◆ Task objective ◆
Below are the records; copy exactly the lines from the first through the one containing "05:05:23Eine entscheidende Konfrontation", both included, and leave out the pictures.

◆ Listed entries ◆
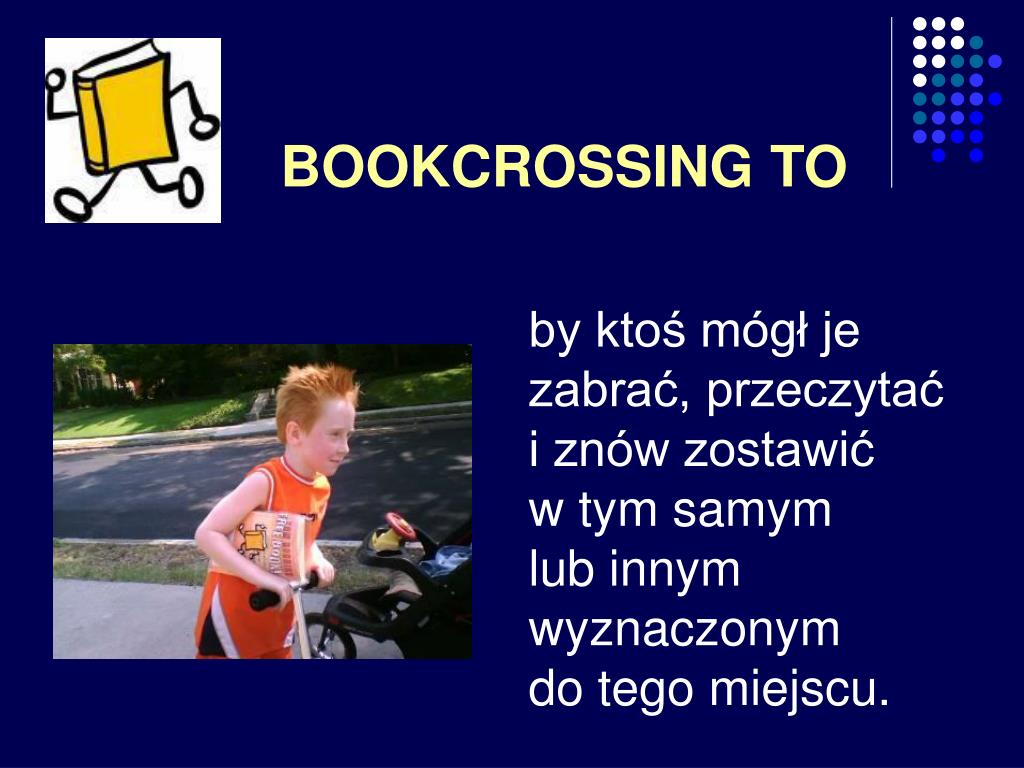 CO TO JEST BOOKCROSSING? w słowniku Concise Oxford English Dictionary (wrzesień 2004) napotykamy definicję że jest to: "praktyka zostawiania książki w publicznym miejscu aby została wzięta i przeczytana przez innych, którzy potem tak samo robią."
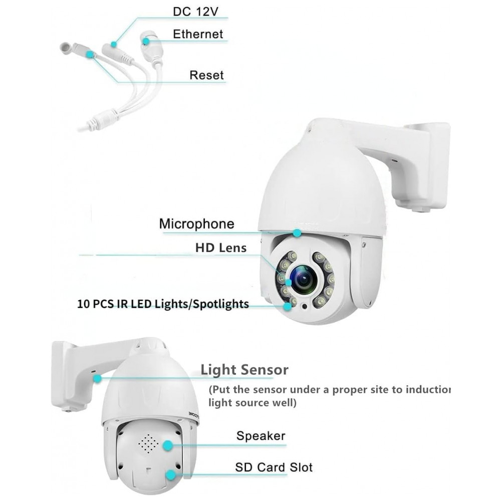 Instalar a câmera ptz ip de 5mp com POE é rápida, fácil, reta e estável. PoE com um injetor ou interruptor PoE via Ethernet Cat5 ou Cat6, a câmera de segurança PTZ pode ser conectada à Internet, alimentada por todo o cabo de rede . No caso de nenhum dispositivo de fonte de alimentação poe, o pacote SV3C vem com um adaptador de energia separado cabo de 3m para alimentar a câmera poe. Usando a codificação h.265, reduza substancialmente a taxa de bits acima de h.264, economize espaço e a transmissão de vídeo é mais suave
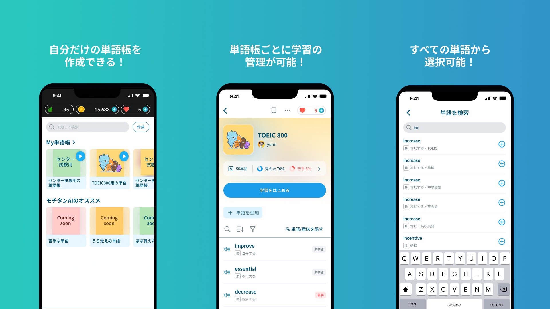 現在はユーザー自身で単語を選んで作成するMy単語帳ですが、次回以降のアップデートでは、AIが記憶状況を分析して、最適な単語を自動でリストアップしてくれる機能も搭載予定です。
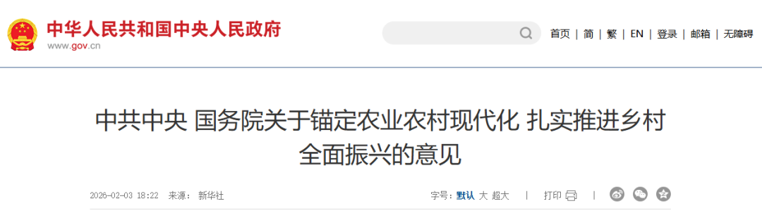 2月3日,2026年中央一号文件由新华社受权发布,对锚定农业农村现代化、扎实推进乡村全面振兴进行了部署。
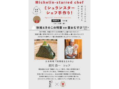 空堀商店街"(谷町六丁目駅~松屋町駅)の人気おむすび屋さん『おびむす』では、関西を代表するミシュランスターシェフが調理した具材を使用するミシュランおむすびを月替わりで提供しています。スターシェフ"監修"ではなく、シェフが"実際に"調理した具材を具としておにぎりを握る!そんな夢のコラボが実現。今回のコラボは京都『料理屋まえかわ』前川浩一シェフが手がける秋の味覚、秋鮭ときのこを味わえる「秋鮭ときのこの特製xo醤おむすび」。11月7日から100個の完全数量限定で500円のワンコインでご提供!ぜひこの機会にミシュランの味をご賞味ください。
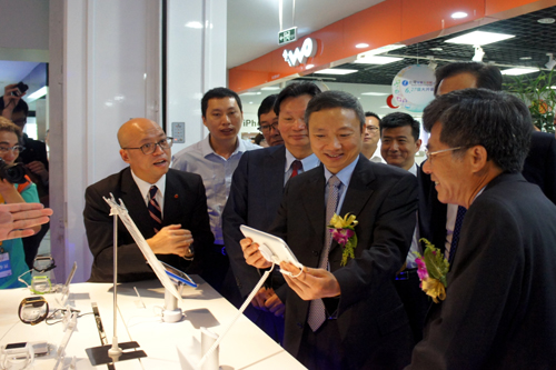 開(kāi)幕式結(jié)束后,與會(huì)嘉賓在臺(tái)灣貿(mào)易中心成都代表處首席代表呂寬永、百腦匯總裁蔡明賢等主辦方代表陪同下,參觀設(shè)在百腦匯一層的智慧生活館展區(qū),感受精湛的科技時(shí)尚。置身于動(dòng)感絢麗的環(huán)境中,人們仿佛進(jìn)入了“未來(lái)世界”。世界首創(chuàng)的投影虛擬感測(cè)鼠標(biāo)、3D裸視屏幕、曾獲IF大獎(jiǎng)和美國(guó)堤利威格玩具大獎(jiǎng)的“未來(lái)車(chē)”、立體光固化技術(shù)3D打印機(jī)等高科技產(chǎn)品吸引了無(wú)數(shù)成都市民的目光。
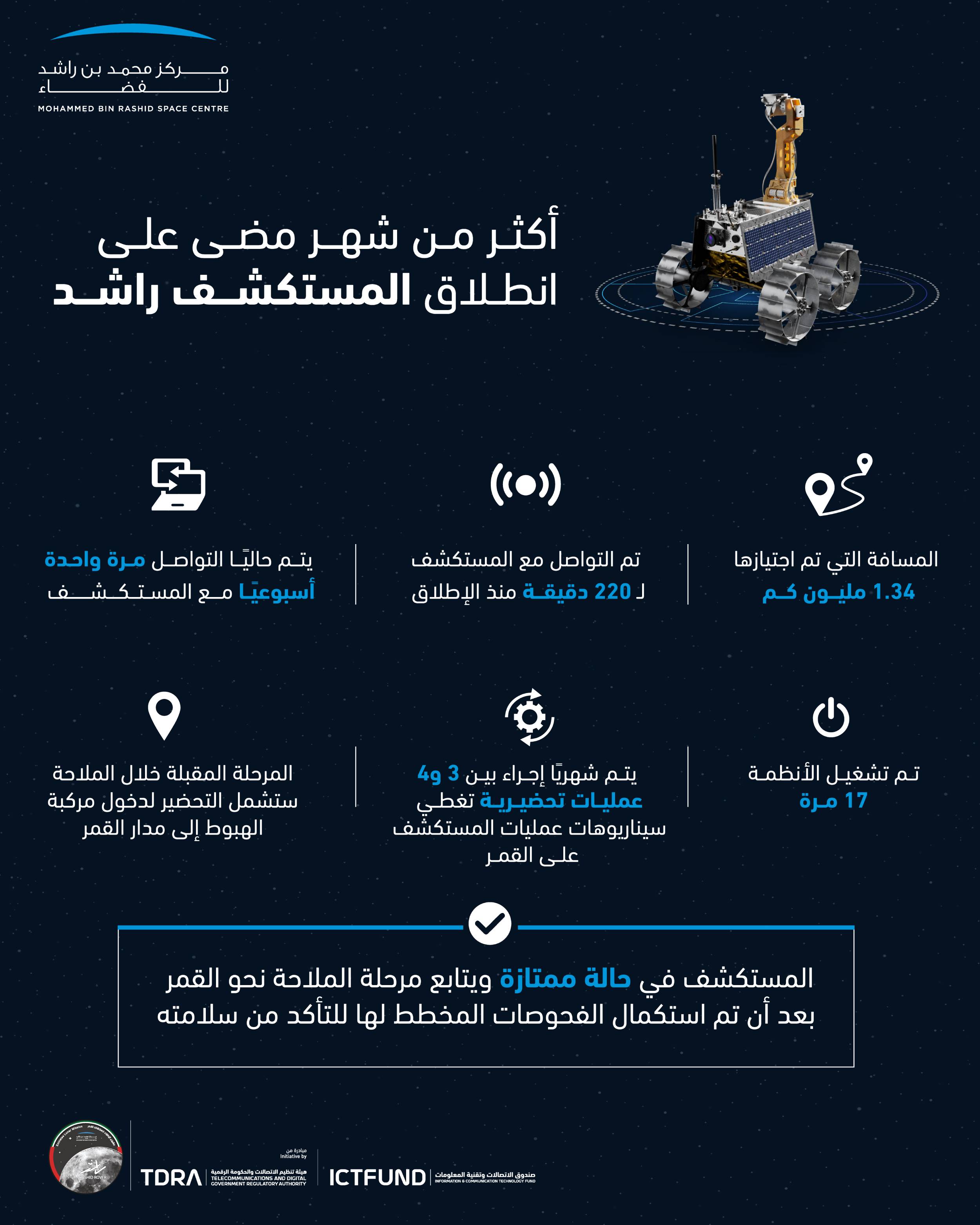 أعلن مركز محمد بن راشد للفضاء أن "المستكشف راشد" أكمل بنجاح شهرًا واحدًا في الفضاء، ضمن أول مهمة عربية لاستكشاف القمر، حيث قطع مسافة بلغت 1.34 مليون كيلومتر، منذ إطلاقه في 11 ديسمبر الماضي من المجمع رقم 40 في قاعدة كيب كانافيرال الفضائية في الولايات المتحدة الأمريكية.
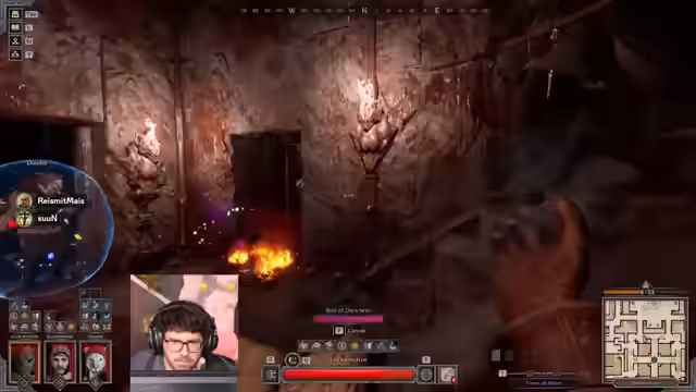 05:05:23Eine entscheidende Konfrontation ereignet sich am Brückenraum. Das Team gerät in einen Hinterhalt eines gegnerischen Teams, das aus Cleric, Fighter und Ranger besteht. Nach einem langen und brutalen Kampf mit viel Schadensaustausch, in dem der Streamer 'epische Heiltränke' einsetzt, gelingt es dem Team, den Gegner zu besiegen. Der Streamer beschreibt den Kampf als 'krass' und den Damage des gegnerischen Longbow-Fighters als 'macht den Damage'.'
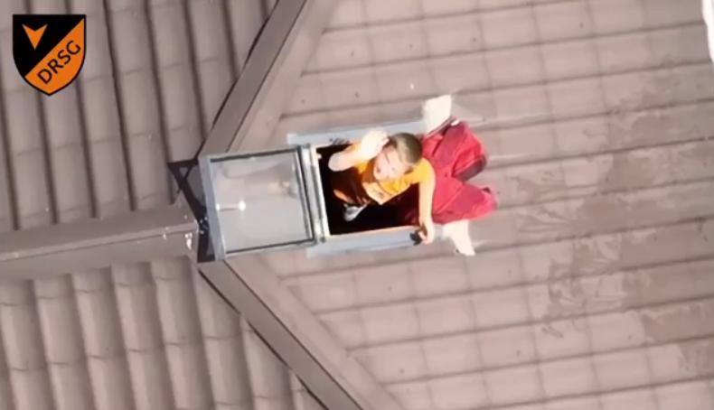 Українські військові записали і оприлюднили відео, як за допомогою дрону їм вдалося передати питну воду жінці з хлопчиком, які сидять на дахе власного будинку.
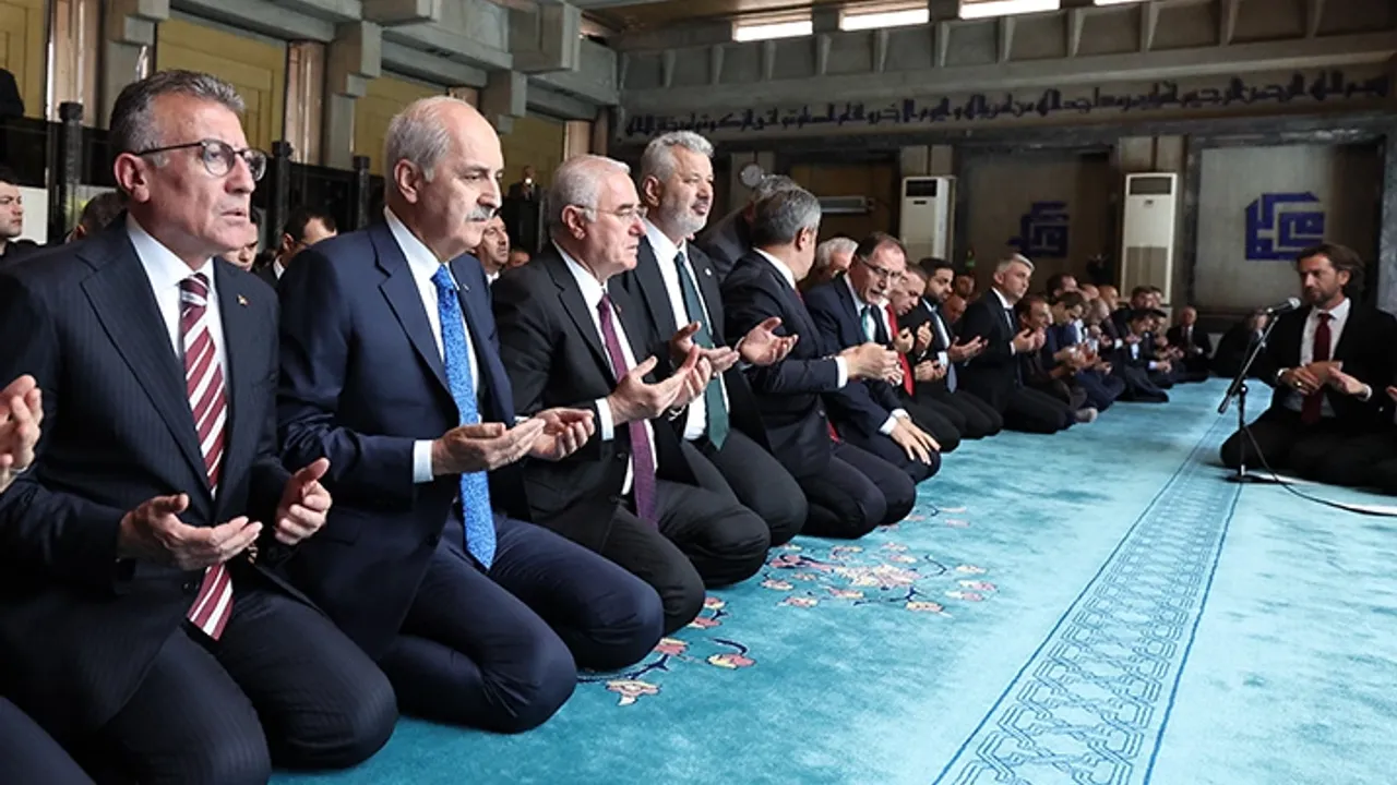 Türkiye Büyük Millet Meclisi (TBMM) Başkanı Numan Kurtulmuş, 15 Temmuz Demokrasi ve Milli Birlik Günü dolayısıyla TBMM Camii’nde şehitler için düzenlenen Mevlid-i Şerif Programı’na katıldı.ANKARA (İGFA) - TBmm Camii'nde düzenlenen programda 15 Temmuz 2016’da Fetullahçı Terör Örgütü'nün (FETÖ) hain darbe girişiminde şehit olan güvenlik güçleri ve vatandaşlar dualarla anıldı.
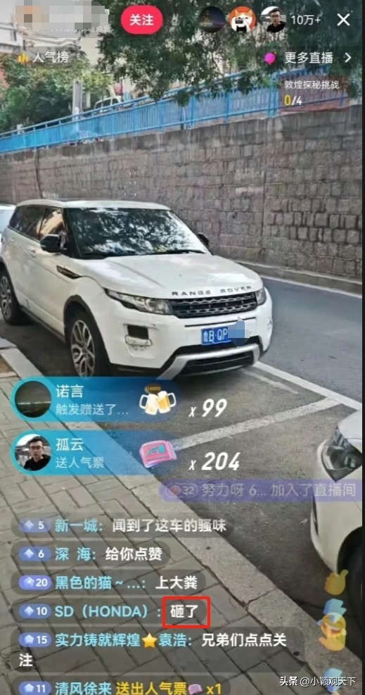 很多博主也是来到现场,附近围观了很多人。一位博主的直播间涌入10多万人在线观看,大家都好奇,到底谁来开走这辆车。
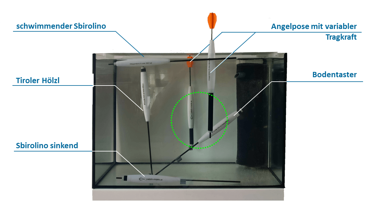 Ob Sbirolino schwimmend oder sinkend, Angelpose ausbleien "bleifrei" mit einem Handgriff, mit der Empfindlichkeit eines Wagglers und auf Grund mit den Vorteilen eines Tiroler Hölzchen oder eines Bodentasters mit einer einzigen Montage.
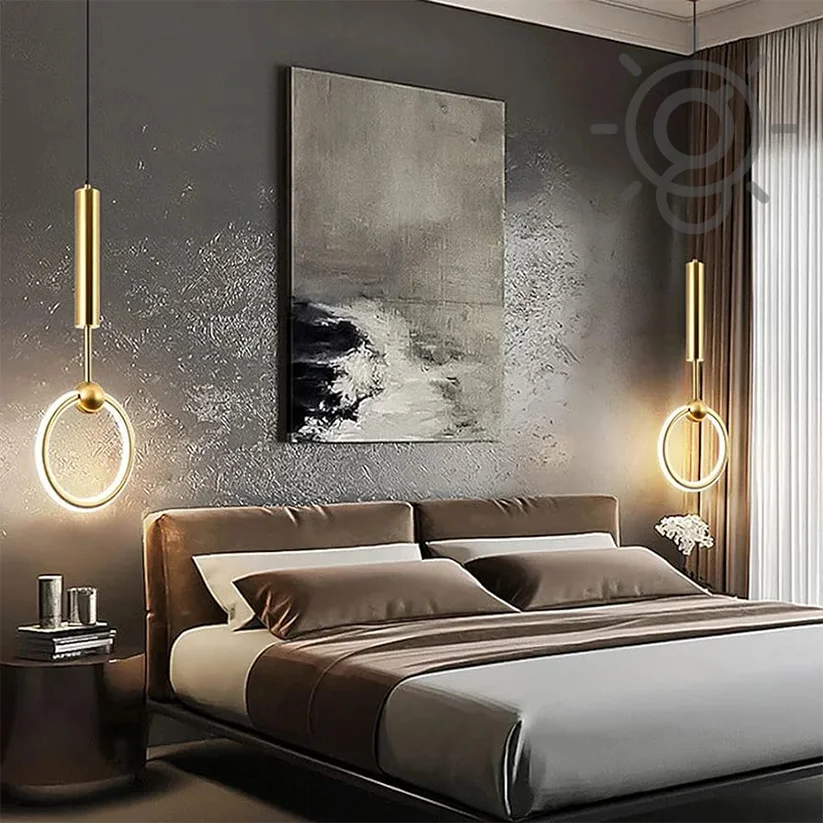 "These round hanging lights introduce a touch of elegance and sophistication to any bedroom, casting a warm, inviting glow that enhances the room's ambiance."
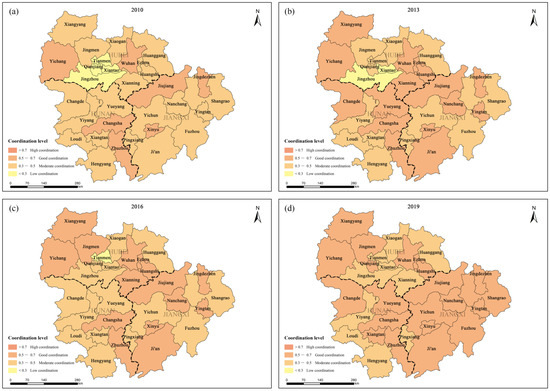 Spatial distribution of coupling level of 31 cities in: (a) 2010; (b) 2013; (c) 2016; (d) 2019.
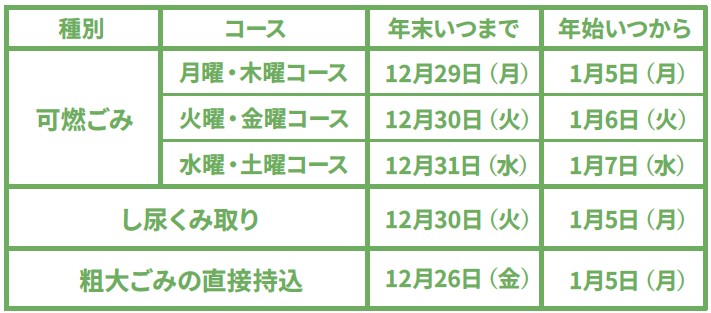 年末年始のごみ収集スケジュールは下の表のとおりです。不燃ごみや資源物の収集はごみ収集カレンダーまたはごみ分別アプリで確認してください。また、年末年始は粗大ごみ回収の予約が集中するため、環境業務センターへの持込みもご検討ください。
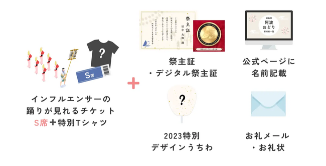徳島県内や近郊の方々だけでなく、日本全国、あるいは世界中にいる阿波おどりを愛する全ての人々が本クラウドファンディングへの参加を通じて、「阿波おどりの祭主2023」としてお名前を永久に残していく仕組みです。ご支援いただいた実績を、公式ウェブサイトに掲載するほか、紙面で「祭主証」をお届け。さらに改ざんすることができず、未来永劫残り続けるデータとして「阿波おどりのデジタル祭主証」としてお渡しいたし、お届けいたします。この「一口祭主」は日本で初めての取り組みです。
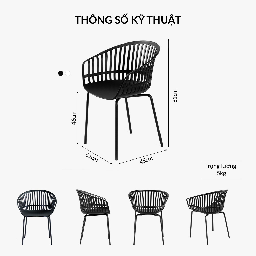 Ghế cafe tiếp khách thân nhựa màu đen BASKET Nội thất Capta Ghế đọc sách phòng khách thân nhựa pp ghế rổ chân thép sơn giả gỗ tại hcm - Chất liệu: Thân nhựa PP
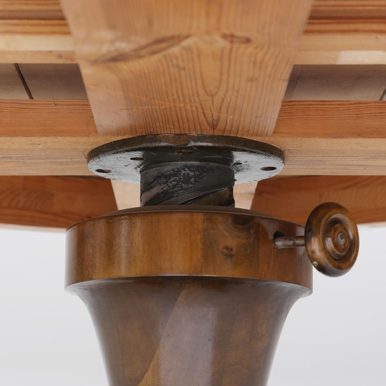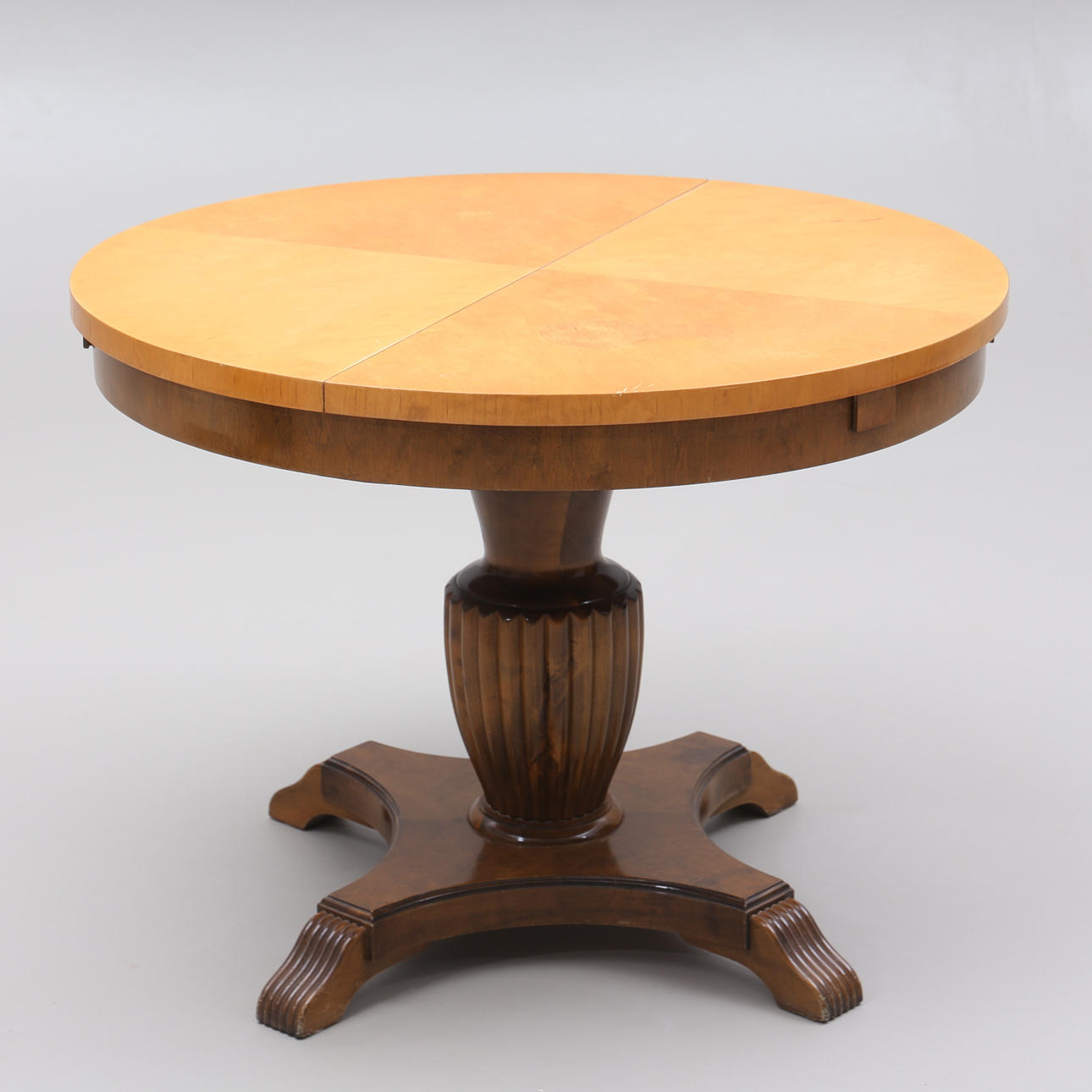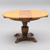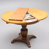 Höj och sänkbart. Höjd som på bild 63 cm. Diameter 84,5 cm. Iläggsskiva medföljer bredd 29,5 cm.
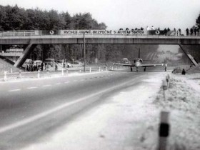 L-39 prototype departure from a R10 highway nearby roadhouse "U ctyr kamenu". Juraj Šouc was in the cockpit according unconfirmed source. There were two flights on R10 for training landing before landing at D1 highway nearby Brno while the aircraft was towed to International Engineering Trade Fair for exhibition later.

◆ Your solution ◆
 CO TO JEST BOOKCROSSING? w słowniku Concise Oxford English Dictionary (wrzesień 2004) napotykamy definicję że jest to: "praktyka zostawiania książki w publicznym miejscu aby została wzięta i przeczytana przez innych, którzy potem tak samo robią."
 Instalar a câmera ptz ip de 5mp com POE é rápida, fácil, reta e estável. PoE com um injetor ou interruptor PoE via Ethernet Cat5 ou Cat6, a câmera de segurança PTZ pode ser conectada à Internet, alimentada por todo o cabo de rede . No caso de nenhum dispositivo de fonte de alimentação poe, o pacote SV3C vem com um adaptador de energia separado cabo de 3m para alimentar a câmera poe. Usando a codificação h.265, reduza substancialmente a taxa de bits acima de h.264, economize espaço e a transmissão de vídeo é mais suave
 現在はユーザー自身で単語を選んで作成するMy単語帳ですが、次回以降のアップデートでは、AIが記憶状況を分析して、最適な単語を自動でリストアップしてくれる機能も搭載予定です。
 2月3日,2026年中央一号文件由新华社受权发布,对锚定农业农村现代化、扎实推进乡村全面振兴进行了部署。
 空堀商店街"(谷町六丁目駅~松屋町駅)の人気おむすび屋さん『おびむす』では、関西を代表するミシュランスターシェフが調理した具材を使用するミシュランおむすびを月替わりで提供しています。スターシェフ"監修"ではなく、シェフが"実際に"調理した具材を具としておにぎりを握る!そんな夢のコラボが実現。今回のコラボは京都『料理屋まえかわ』前川浩一シェフが手がける秋の味覚、秋鮭ときのこを味わえる「秋鮭ときのこの特製xo醤おむすび」。11月7日から100個の完全数量限定で500円のワンコインでご提供!ぜひこの機会にミシュランの味をご賞味ください。
 開(kāi)幕式結(jié)束后,與會(huì)嘉賓在臺(tái)灣貿(mào)易中心成都代表處首席代表呂寬永、百腦匯總裁蔡明賢等主辦方代表陪同下,參觀設(shè)在百腦匯一層的智慧生活館展區(qū),感受精湛的科技時(shí)尚。置身于動(dòng)感絢麗的環(huán)境中,人們仿佛進(jìn)入了“未來(lái)世界”。世界首創(chuàng)的投影虛擬感測(cè)鼠標(biāo)、3D裸視屏幕、曾獲IF大獎(jiǎng)和美國(guó)堤利威格玩具大獎(jiǎng)的“未來(lái)車(chē)”、立體光固化技術(shù)3D打印機(jī)等高科技產(chǎn)品吸引了無(wú)數(shù)成都市民的目光。
 أعلن مركز محمد بن راشد للفضاء أن "المستكشف راشد" أكمل بنجاح شهرًا واحدًا في الفضاء، ضمن أول مهمة عربية لاستكشاف القمر، حيث قطع مسافة بلغت 1.34 مليون كيلومتر، منذ إطلاقه في 11 ديسمبر الماضي من المجمع رقم 40 في قاعدة كيب كانافيرال الفضائية في الولايات المتحدة الأمريكية.
 05:05:23Eine entscheidende Konfrontation ereignet sich am Brückenraum. Das Team gerät in einen Hinterhalt eines gegnerischen Teams, das aus Cleric, Fighter und Ranger besteht. Nach einem langen und brutalen Kampf mit viel Schadensaustausch, in dem der Streamer 'epische Heiltränke' einsetzt, gelingt es dem Team, den Gegner zu besiegen. Der Streamer beschreibt den Kampf als 'krass' und den Damage des gegnerischen Longbow-Fighters als 'macht den Damage'.'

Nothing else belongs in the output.